Proper Workplace Investigations Can Help in Litigation

Leah Shepherd By Leah Shepherd December 1, 2022

​Workplace investigations following allegations of misconduct can easily go off the rails if employers don't know how to do them well. Experts discussed best practices for workplace investigations at the recent American Bar Association's Labor and Employment Law Conference.

The quality of internal investigations has important ramifications for litigation outcomes. For example, an employer can be held liable for sexual harassment by a supervisor unless it can prove that it exercised care to prevent harassment and took steps to investigate any complaints, according to Matthew Clash-Drexler, an attorney with Bredhoff & Kaiser in Washington, D.C. Usually, employers show their preventative efforts by distributing their anti-harassment policy to all employees.

"What's critical is the importance of conducting effective, impartial and, most importantly, defensible investigations," said Barbara Johnson, an attorney with BLJohnson Law in Washington, D.C. When done right, an internal investigation "can be one of the best defenses in litigation" and can reduce settlement costs.

At the beginning of a witness interview, emphasize that the company does not permit retaliation and that you do not legally represent the witness. Avoid "investigation creep" by clearly understanding the scope of the matter, Johnson recommended.  

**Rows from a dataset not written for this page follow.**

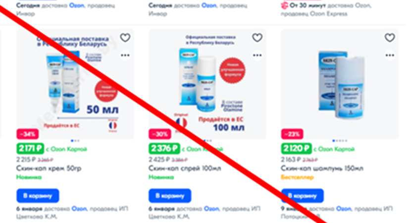 На маркетплейсах Озон и Вайлдбериз появилась косметика с названием Skin cap / Скин-кап с пироктоном оламином! Данная косметика не имеет исследований по эффективности и безопасности применения в РФ! Не зарегистрирована в РФ как лекарственное средство!
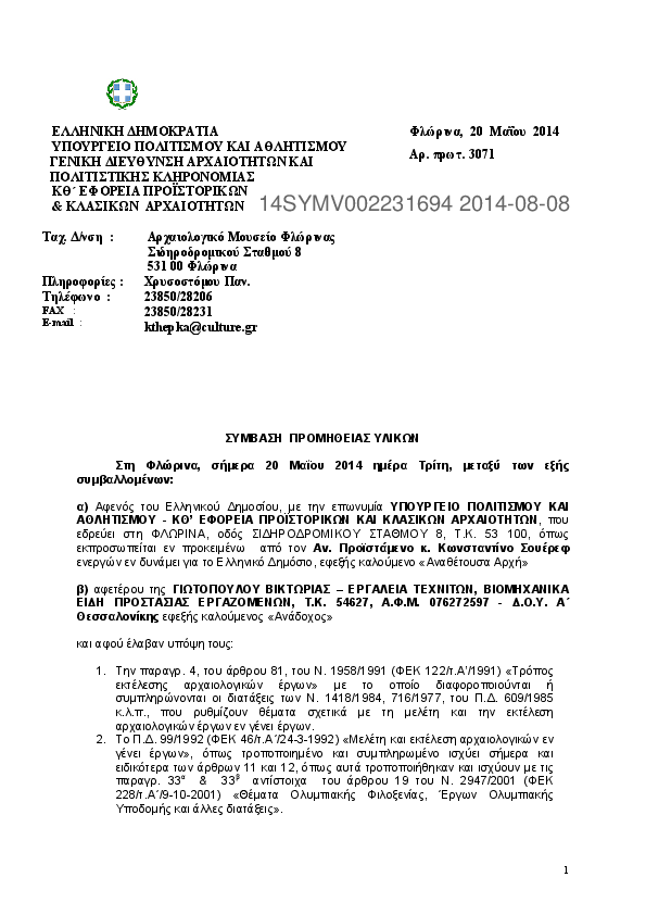 1. ΣΥΜΒΑΣΗ ΕΡΓΑΣΙΩΝ ΜΗΧΑΝΙΚΗΣ ΑΠΟΜΑΚΡΥΝΣΗΣ ΦΥΤΙΚΗΣ ΓΗΣ ΓΙΑ ΑΠΟΚΑΛΥΨΗ ΑΡΧΑΙΟΤΗΤΩΝ ΚΑΙ ΑΠΟΜΑΚΡΥΝΣΗ ΜΠΑΖΩΝ
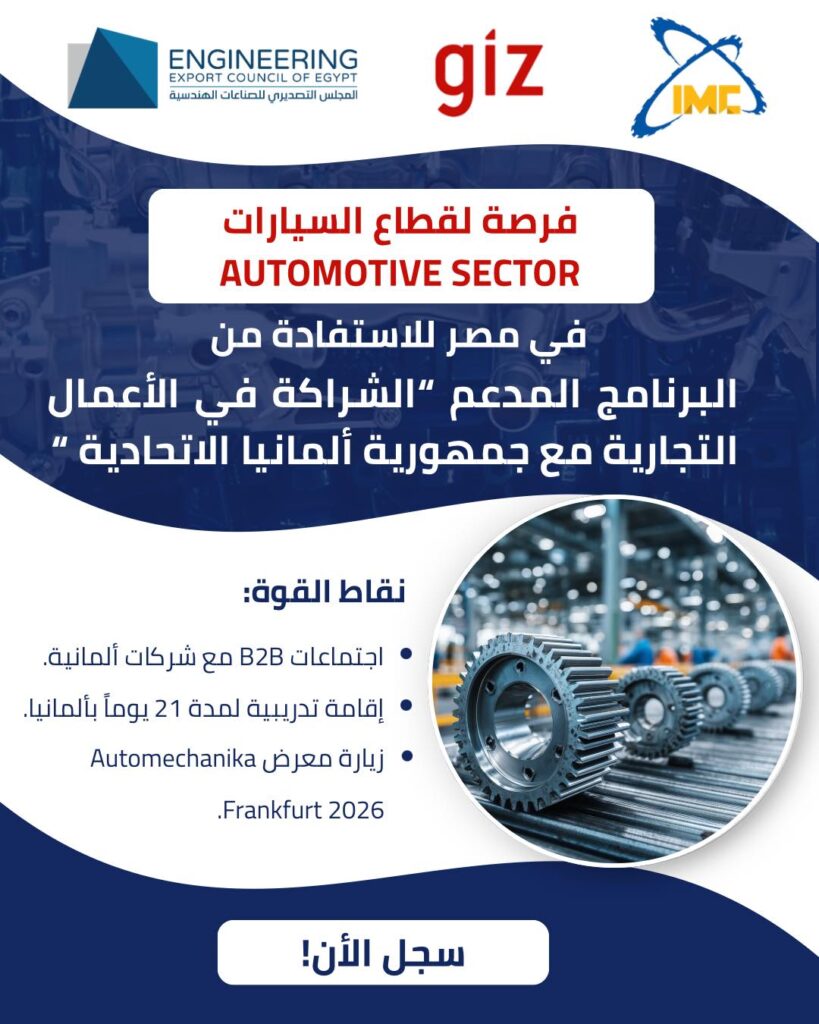 يعلن المجلس التصديري للصناعات الهندسية بالتعاون مع مركز تحديث الصناعة (IMC) و الوكالة الالمانية للتعاون الدولي GIZ عن فتح باب التسجيل في “برنامج الشراكة مع ألمانيا” لعام 2026 لقطاع السيارات

"It is not an interrogation. It is not the place where you go in with a script of pre-written questions. Ask general, open-ended questions. Try to develop a rapport with the witness so they tell you stuff," she said. "Avoid judgmental words or inflammatory words."

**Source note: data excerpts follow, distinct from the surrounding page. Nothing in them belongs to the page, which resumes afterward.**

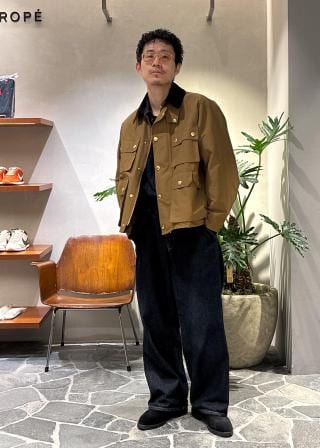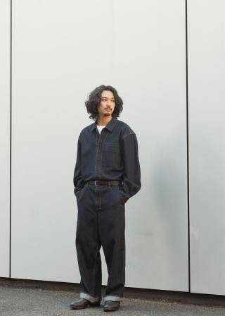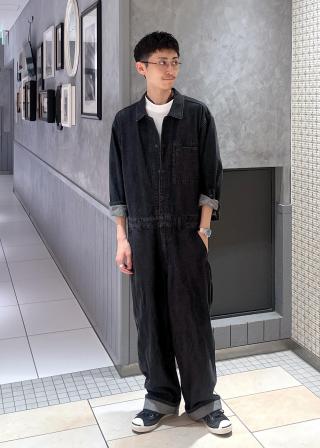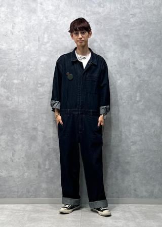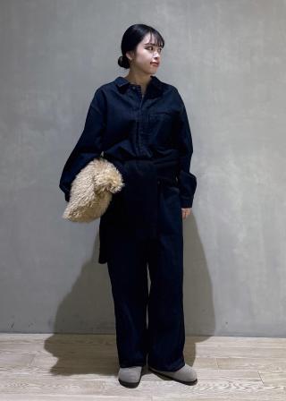 ・ボトムはワイドストレートシルエット、ヒップにはパッチポケット付き
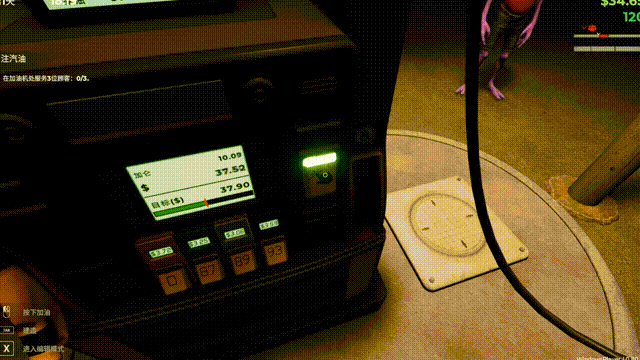 收钱→按照需求选油→把油枪捅进燃油加注口→长按左键加到顾客想要的油量(到红条截止)→结束完工。
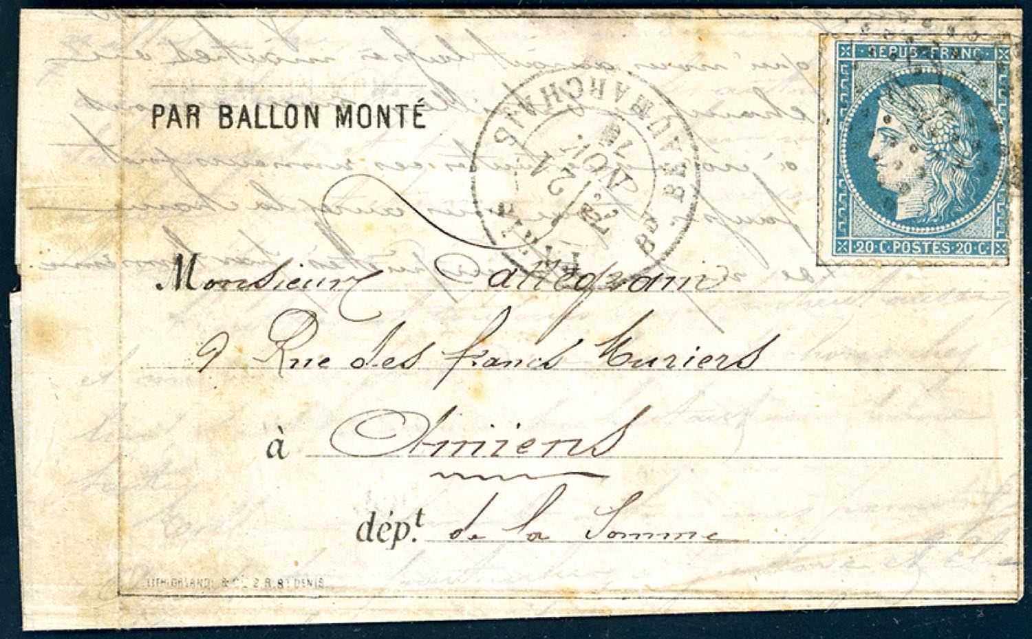 FRANCIA POSTA AEREA BALLON MONTE' 1870 - 20 cent. Ceres (37), perfetto, su aerogramma Lettre Formule Orlandi da Parigi 21/11/1870 ad Amiens, probabilmente trasportato con il Ballon Montè "La Ville D'Orleans", senza bollo d'arrivo.
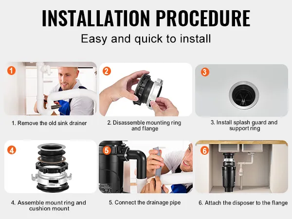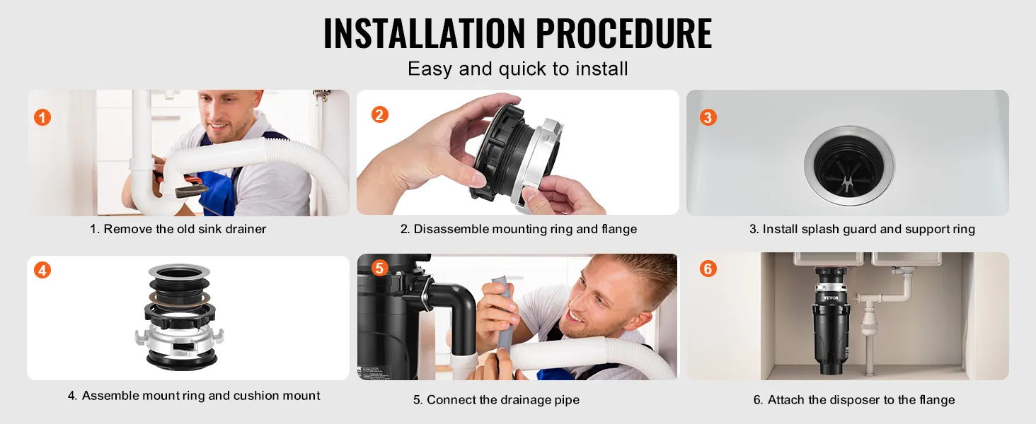 Quick & Secure Installation: Designed with a EZ mount twist-and-lock installation system, this food waste disposer allows for fast, tight installation without specialized tools or complicated steps—saving time and ensuring leak-proof connections.
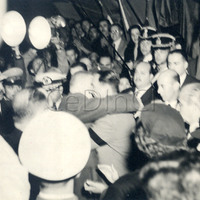 - Juan Domingo Perón se abraza con el presidente de Chile Carlos Ibáñez del Campo

You also need cultural competency to understand what your own biases might be as you conduct the investigation, she added.

Attorney-Client Privilege

After receiving a complaint of misconduct, an HR representative may conduct a workplace investigation, but sometimes the employer's internal lawyer or external lawyer leads it. A union representative or an attorney representing the employee might be present.

The panelists discussed when attorney-client privilege exists and when it doesn't. An attorney sometimes could be classified as working in a business or HR consulting capacity. If so, attorney-client privilege would not exist, and any discussions could be revealed during court proceedings.

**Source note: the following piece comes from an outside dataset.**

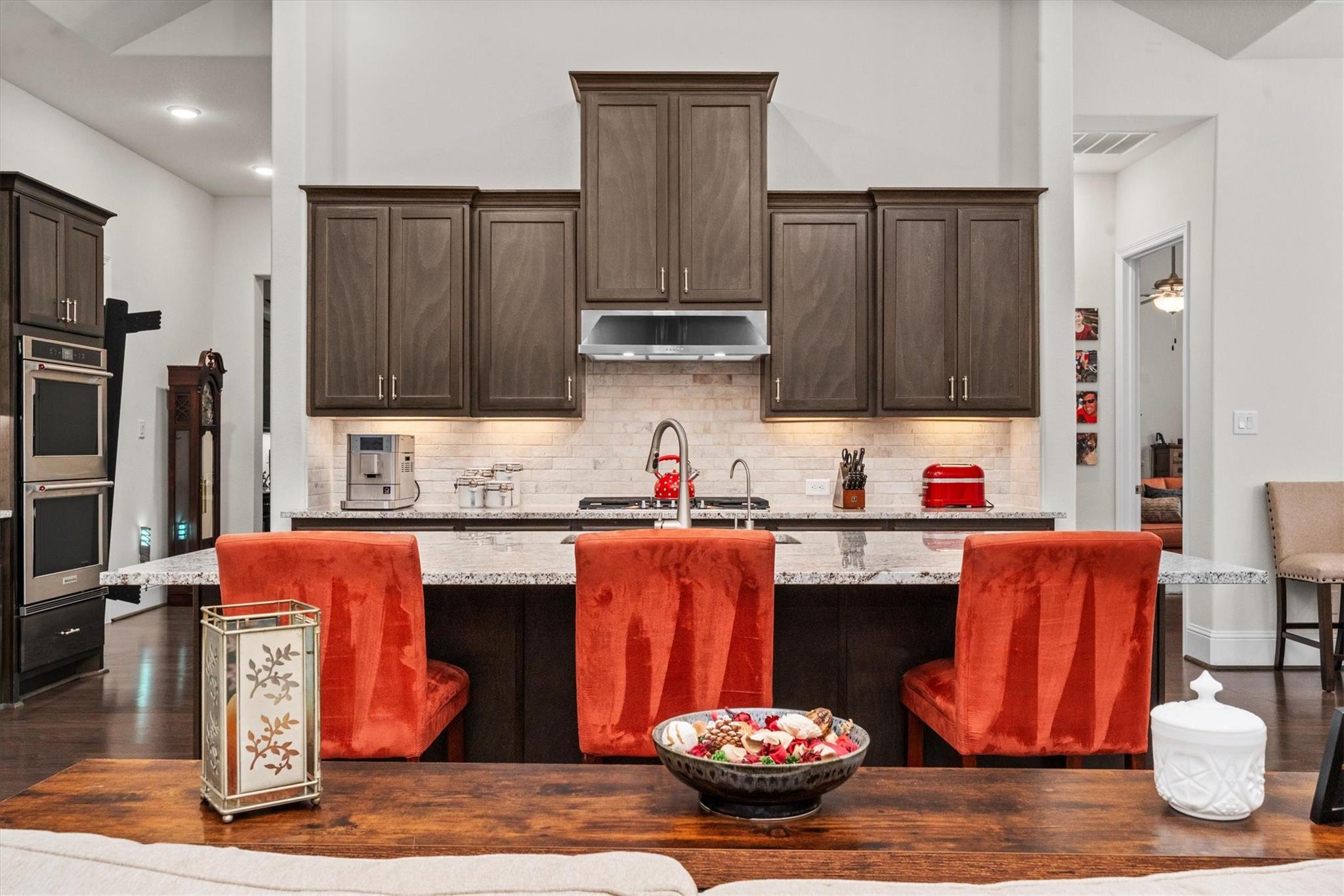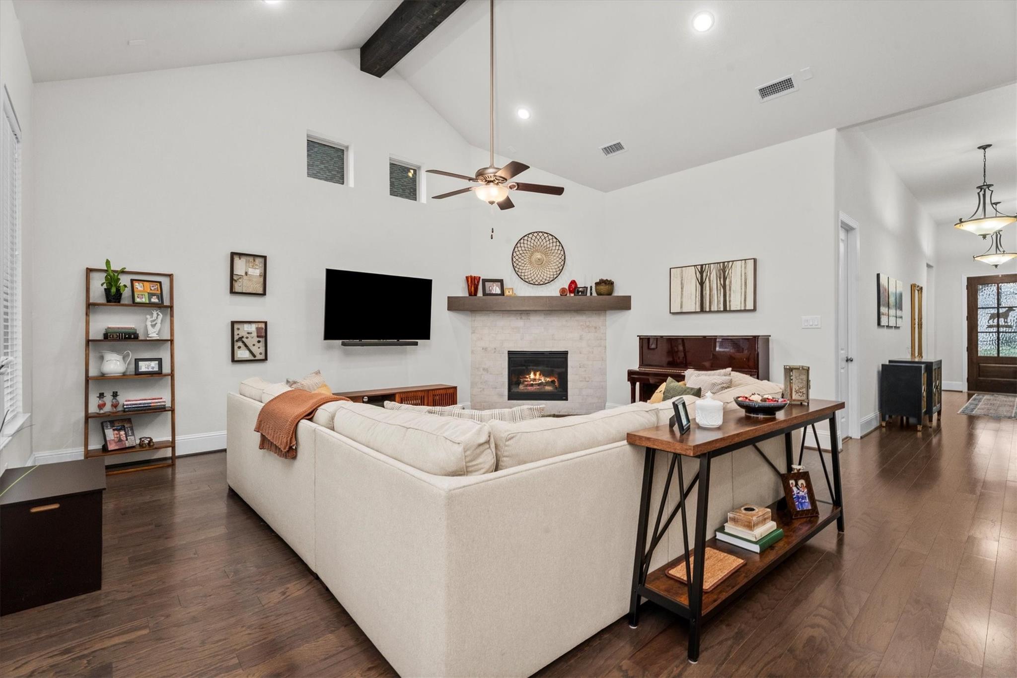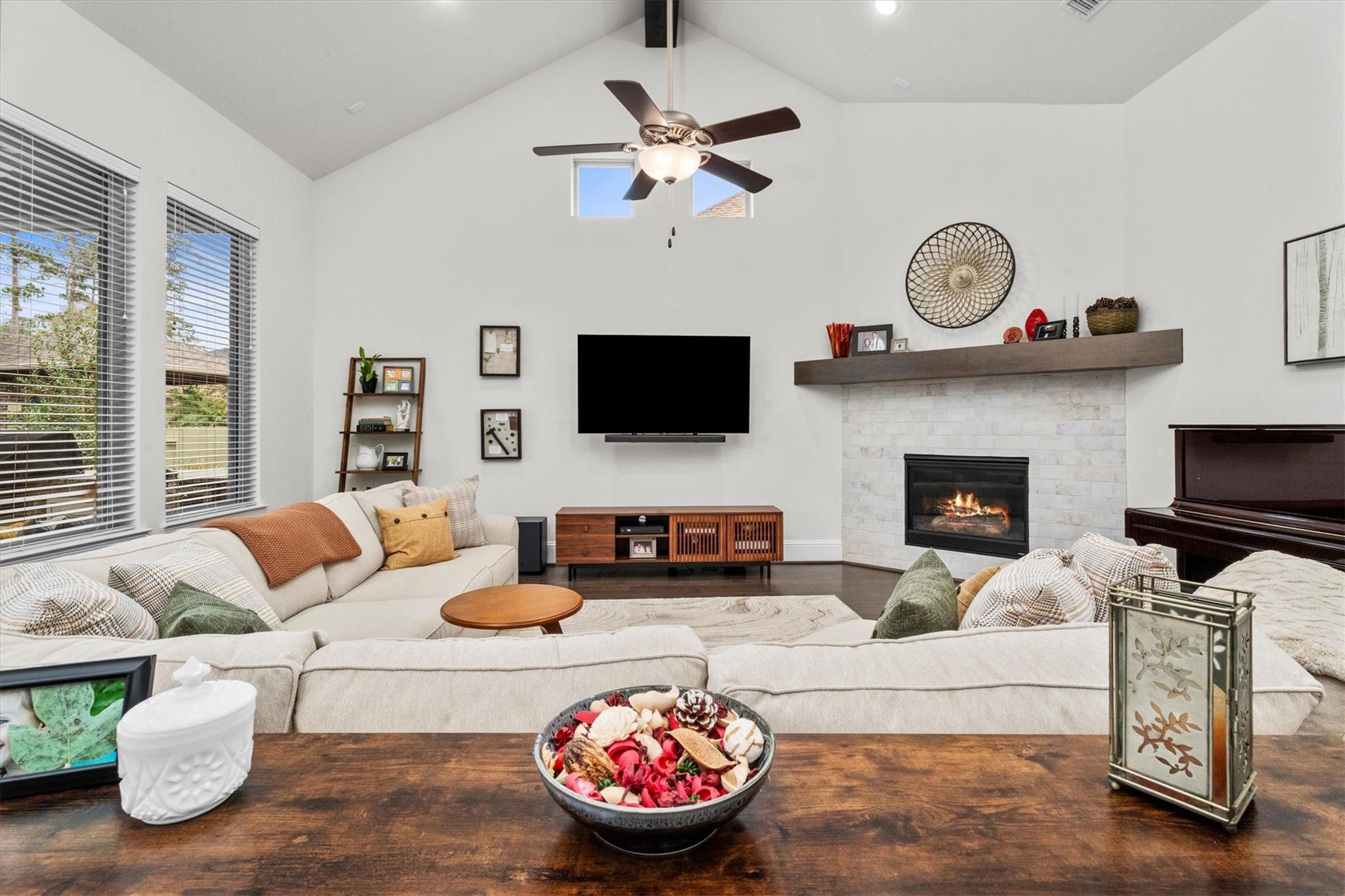 InteriorFireplace:1/Gaslog FireplaceFloors:Tile,WoodBathroom Description:Full Secondary Bathroom Down,Half Bath,Primary Bath: Double Sinks,Primary Bath: Separate Shower,Primary Bath: Soaking Tub,Secondary Bath(s): Separate Shower,Vanity AreaBedroom Desc:All Bedrooms Down,Primary Bed - 1st Floor,Walk-In ClosetKitchen Desc:Island w/o Cooktop,Kitchen open to Family Room,Pots/Pans Drawers,Under Cabinet Lighting,Walk-in PantryRoom Description:Breakfast Room,Den,Family Room,Gameroom Down,Home Office/Study,Kitchen/Dining Combo,Utility Room in HouseHeating:Central GasCooling:Central ElectricConnections:Electric Dryer Connections,Gas Dryer Connections,Washer ConnectionsDishwasher:YesDisposal:YesMicrowave:YesRange:Gas CooktopOven:Double Oven,Electric OvenEnergy Feature:Ceiling Fans,Digital Program Thermostat,Energy Star Appliances,Generator,High-Efficiency HVAC,Insulated/Low-E windows,Tankless/On-Demand H2O HeaterInterior:Alarm System - Owned,Dryer Included,Fire/Smoke Alarm,High Ceiling,Refrigerator Included,Vaulted Ceiling,Washer Included,Water Softener - Owned,Window Coverings,Wired for Sound

"There's no presumption just because a company uses an outside lawyer that the lawyer is acting in a legal capacity," Clash-Drexler explained. "The Supreme Court is going to shed light on this in this term, and we should all pay attention to that."

He was referring to a case called In re Grand Jury, which the court will hear on Jan. 9, 2023. That case will address whether a communication involving both legal and nonlegal advice is protected by attorney-client privilege, if obtaining or providing legal advice was one of the significant purposes behind the communication.

During workplace investigations, "you can never promise that something will be kept confidential. You can say, 'I will take steps not to identify you by name,' " Johnson said. "Assume that your communications will be public."

If you have shared certain information, such as a pay audit or diversity audit, with an outside or inside marketing team, then it's probably not considered privileged, according to Anne Shaver, an attorney with Lieff, Cabraser, Heimann & Bernstein in San Francisco.

Be Responsive

Workplace investigations can build trust with staff if they're done right, said Faisal Akhter, senior corporate counsel at Microsoft, based in Redmond, Wash., but those efforts can't be effective if workers feel that making complaints will not lead to any changes or improvements. Promptly investigating complaints shows workers that you won't dismiss or ignore problems.

"It's important to have a culture where you encourage people to come forward with a complaint, and you will investigate it," Johnson said.

The person who led the investigation should eventually report back to the employee who made the complaint, summarizing the results of the investigation. "Nobody will feel good about the process if they think it went into a box," said Clash-Drexler.

Around three months or six months after an investigation, an HR representative should check in with the employee and ask if anything new has happened, so HR can be sure that retaliation isn't taking place, Johnson said.

In order to prevent a problem from proliferating, you should have a system in place to track whether a person has been accused of misconduct more than once, Shaver recommended.